La
malattia intesa come uno stato patologico
per alterazione della funzione di un organo o più organi (Il Nuovo
Zingarelli) ci fa diventare vulnerabili,
fragili nel corpo e nella mente, per questo ci sentiamo spaventati e,
soprattutto, disorientati. Con altre parole, la malattia porta con sé un
profondo malessere psicologico che, in alcuni casi, può arrivare a cambiare
anche in negativo il sistema di vita di ciascuno di noi. Inoltre, con diversi
valori prognostici la patologia porta con sé dolore, solitudine, limitazioni
alle normali attività quotidiane e a volte, nei momenti di maggiore sofferenza,
di fragilità ci pone di fronte alla morte con tutte le domande per il credente
e non, le paure, le angosce che generano in noi il pensiero finale della vita.
Dal punto di vista psicologico, ciascuno di
noi si comporta in modo diverso nell’accettare e vivere la malattia. Essere
malati d’influenza, per esempio, è una situazione del tutto diversa che essere
affetti di una grave patologia
neurologica o tumorale. D’altronde nessuno è contento di essere ammalato. Per
cui, quando si è colpiti da una patologia, si è pervasi da un senso d’angoscia
e di disperazione, da questi momenti di umana esperienza di fragilità,
originano le reazioni psicologiche più diverse perché varie sono le modalità di
affrontare la singola malattia.
Di sopra, abbiamo illustrato come ogni
paziente si costruisce una propria modalità per vivere le debolezze e le
fragilità generate dalle malattie. Ora passiamo ad analizzare i cambiamenti
psicologici dei malati rispetto al concetto evolutivo della malattia e, nello
specifico, delle categorie acute e croniche.
Si parla di malattia acuta quando un morbo si
manifesta improvvisamente e virulentemente e il suo effetto non comporta alla
base nessun rischio per l’individuo, inoltre il suo perdurare è ritenuto in
media breve, e ciò non lascia spazio a una riflessione e comprensione profonda della gravità. Ma pur vivendo in un contesto
di temporanee limitatezze e di emozioni
ferite, il paziente non perde mai la speranza per il futuro.
Quando la malattia da acuta perdura
nell’individuo per un periodo indeterminato, spesso per l’intero corso della
vita, si trasforma in cronica: l’esperienza del tempo cambia profondamente, i
giorni sono sempre uguali, viene meno la speranza verso il futuro. Per cui,
come afferma Eugenio Borgna, in ogni paziente non può non chiedersi con animo
doloroso e angosciato cosa sarà ancora
la mia vita, quali rapporti interpersonali saranno possibili, quali problemi
quotidiani e quale impegno di lavoro mi
saranno possibili, come accoglieranno gli altri, soprattutto la mia famiglia la
mia debolezza e la mia fragilità, e quale aiuto sarà loro possibile darmi.

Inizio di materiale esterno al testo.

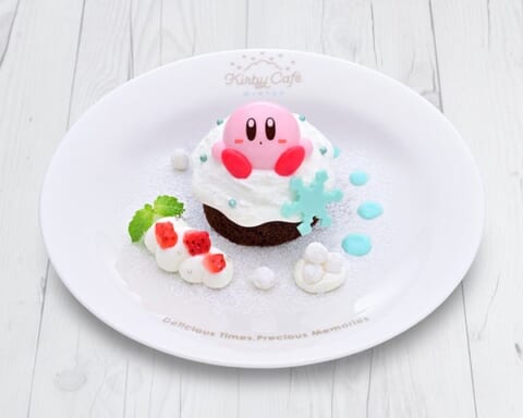 - ガトーショコラにつもったふわふわクリームの上でカービィがひとやすみする様子を表現したデザートです。WINTER限定デザインのスーベニアミニプレートが付属します。
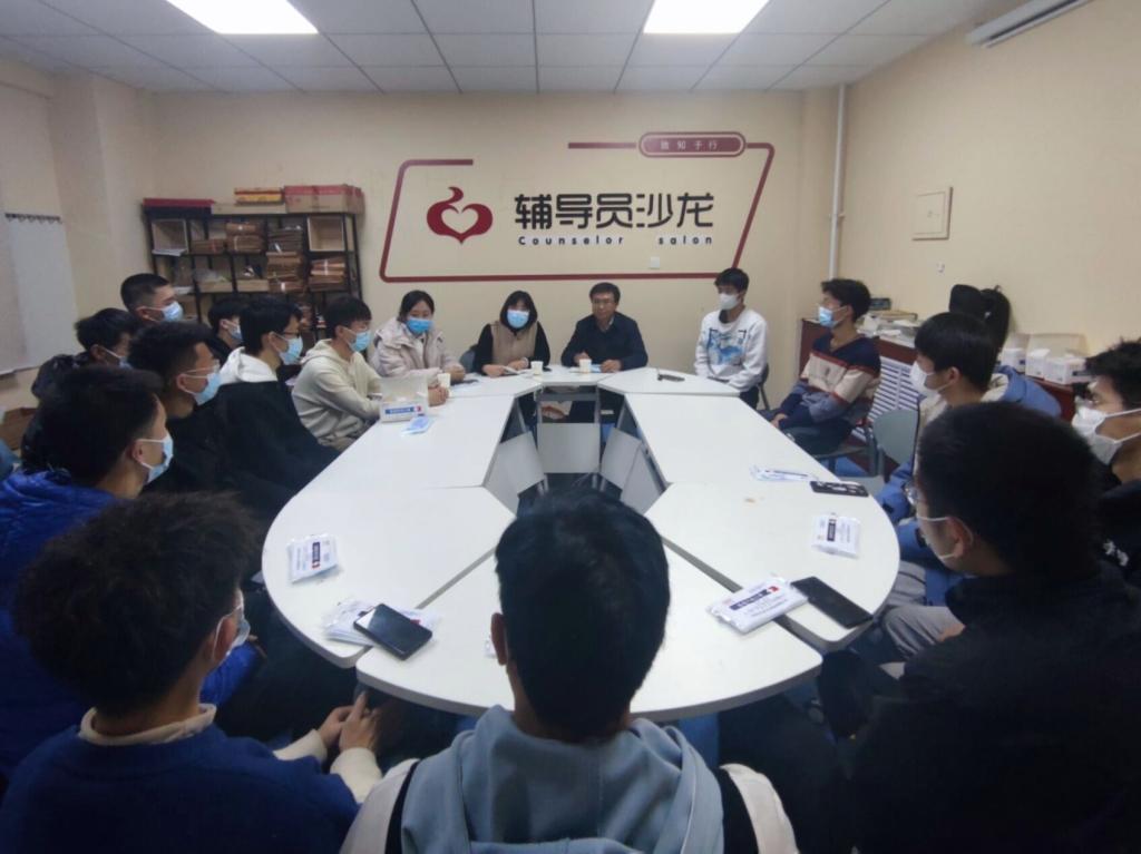 党委副书记史瑞根、学生科科长张丽花在文瀛17楼1006室召开学生干部座谈会。

Il primo punto di riferimento del malato
cronico è l’ospedale. In queste strutture sanitarie, l’ammalato può trovare
trattamenti adeguati al suo caso specifico, al di fuori della così detta
“alleanza terapeutica” tra medico e paziente. Il medico ha il compito di
prospettare al paziente e ai familiari, i vantaggi delle nuove terapie mediche
e chirurgiche che riguardano il suo caso. Spesso, però, i sanitari si dimenticano – per mancanza di disponibilità -
che dietro quel “caso” c’è una persona fragile, vulnerabile ferita dal dolore e
dall’angoscia; e sarebbe invece sufficiente uno sguardo dolce o un sorriso ad
alleviare il dolore psichico.
Raramente, per osservazione personale, gli
effetti di una malattia cronica si limitano al solo individuo malato, perché
l’ansia, l’angoscia che prova l’ammalato la prova anche la persona che gli è vicina.
La presenza in casa di un paziente con
patologia cronica incide, più o meno profondo, su tutti i componenti del nucleo
familiare, che diventano più vulnerabili, sostengono impegni quotidiani spesso
molto gravi, derivanti dal lavoro di cura, dalla continuità dell’impegno,
dell’intensità emotiva generata dal costante confronto con la sofferenza
psicofisica e la morte.
In conclusione, scoprirsi ammalato,
soprattutto cronico, l’esaurimento delle forze fisiche ed emozionali causato
dal morbo, diventa fonte di fragilità, di vulnerabilità per l’ammalato e anche
per il familiare, che giornalmente lo assiste.